The facts are stark. Irish patients wait on average from 644 days to 694 days. Some data actual shows it is up to 1,000 days between European Medicines Agency, EMA, authorisation and HSE reimbursement for new oncology drugs. Only one quarter of EMA-approved cancer medicines since 2020 are available here, which is the lowest rate in western Europe. Every four-week delay in starting cancer treatment increases mortality rates by around 10%. We are building delays into a system that is, sadly, costing lives.

Other countries have acted. They run structured early access schemes that give patients highly governed, time-limited access to breakthrough drugs while price and health technology assessment, HTA, processes continue. Ireland has no such national pathway. Access is ad hoc and clinician by clinician. The system has inequity in it by design.
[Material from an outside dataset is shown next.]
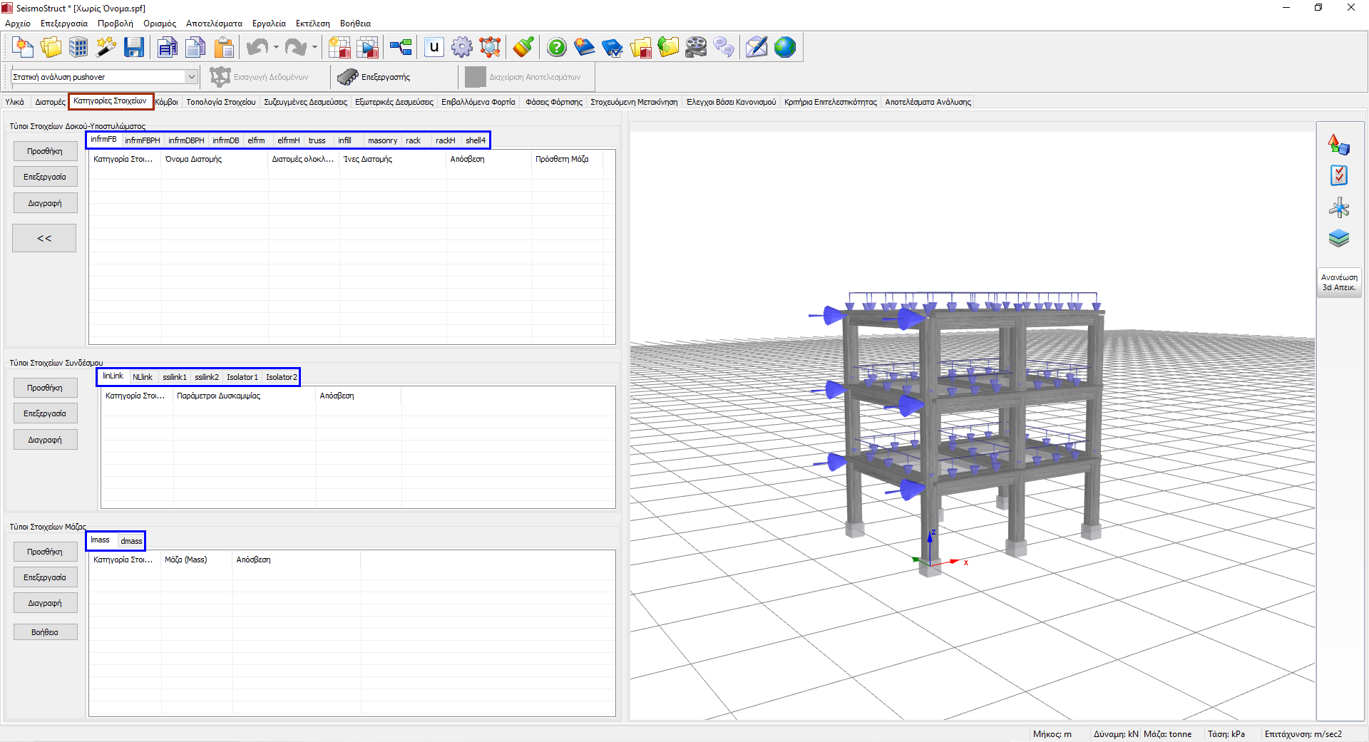 - Κάποιοι τύποι στοιχείων (π.χ. στοιχεία μάζας και βαρύτητας) δεν μπορούν να χρησιμοποιηθούν σε συγκεκριμένες αναλύσεις (π.χ. στατική ανάλυση) και για αυτό μπορεί να μην είναι πάντα διαθέσιμα στην ενότητα Κατηγορίες Στοιχείων.

The programme for Government promises quicker access to innovative medicines. The time has come when we must commit to creating an early access pilot programme for innovative oncology medicines, with a budget line in the 2026 Estimates, clear eligibility criteria, a parallel HTA process and real-world data collection to improve value for money. It is not a blank cheque. It is targeted. It is an evidence-based bridge that stops your treatment options being defined by your ability to pay.
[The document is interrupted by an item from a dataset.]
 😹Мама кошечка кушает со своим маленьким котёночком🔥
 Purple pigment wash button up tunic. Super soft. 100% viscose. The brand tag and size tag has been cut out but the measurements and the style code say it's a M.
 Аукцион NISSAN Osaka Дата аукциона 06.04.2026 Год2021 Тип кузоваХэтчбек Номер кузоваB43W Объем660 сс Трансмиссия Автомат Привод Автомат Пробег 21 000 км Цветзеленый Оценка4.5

The same two-tier reality is playing out in prevention of disease. Let us take adult vaccination. People in their 50s and 60 today who want a shingles vaccine must pay privately. It costs almost €480 for a two-dose course. People who cannot afford it have to go without. The irony is that this vaccination is among the most cost-effective interventions in healthcare. International studies show that shingles vaccinations prevent thousands of cases of severe disease and long-term nerve pain at cost-effective levels, well within accepted thresholds.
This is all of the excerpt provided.